ECLI:NL:GHSHE:2020:395
Gerechtshof 's-Hertogenbosch
- Hoger beroep
- Rechtspraak.nl
Hoger beroep inzake schenkbelasting en toepassing van vrijstellingsbepaling
In deze zaak heeft het Gerechtshof 's-Hertogenbosch op 6 februari 2020 uitspraak gedaan in hoger beroep over een geschil inzake schenkbelasting. De belanghebbende ontving in 2016 een schenking van haar tante, die door de inspecteur met 30% schenkbelasting werd belast.
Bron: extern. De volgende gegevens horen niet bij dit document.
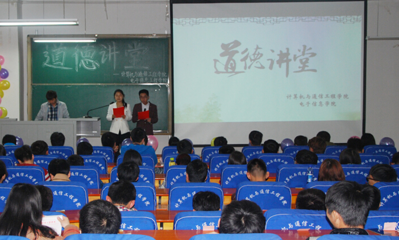 4月19日晚,计算机与通信工程学院(电子信息工程学院)在科学校区计算机楼217举行举办第二期“道德讲堂”活动,本次活动以“走进‘道德讲堂’,传递正能量”为主题,吸引了各班级近300名学生代表参加活动。

De belanghebbende stelde dat de schenking op grond van artikel 14 van het Europees Verdrag voor de Rechten van de Mens (EVRM) met 10% belast diende te worden, maar het Hof verwierp deze stelling. Ook het beroep op de vrijstellingsbepaling van artikel 33, aanhef en onder 8, van de Successiewet 1956 werd afgewezen. Het Hof oordeelde dat de inspecteur de aanslag terecht had opgelegd en dat de vrijstellingsbepaling niet van toepassing was. De belanghebbende had in 2016 een aantal bedragen geleend van haar tante, die op 28 december 2016 zijn kwijtgescholden, wat resulteerde in een schenking van € 100.000. Na bezwaar werd de belaste verkrijging verlaagd naar € 50.378, maar het bezwaar tegen het toegepaste tarief van 30% werd afgewezen. Het Hof concludeerde dat de wetgever bij het indelen van belastingplichtigen in tariefgroepen een ruime beoordelingsvrijheid heeft en dat de indeling in tariefgroepen niet in strijd is met het EVRM. De slotsom was dat het hoger beroep ongegrond werd verklaard en de uitspraak van de Rechtbank werd bevestigd.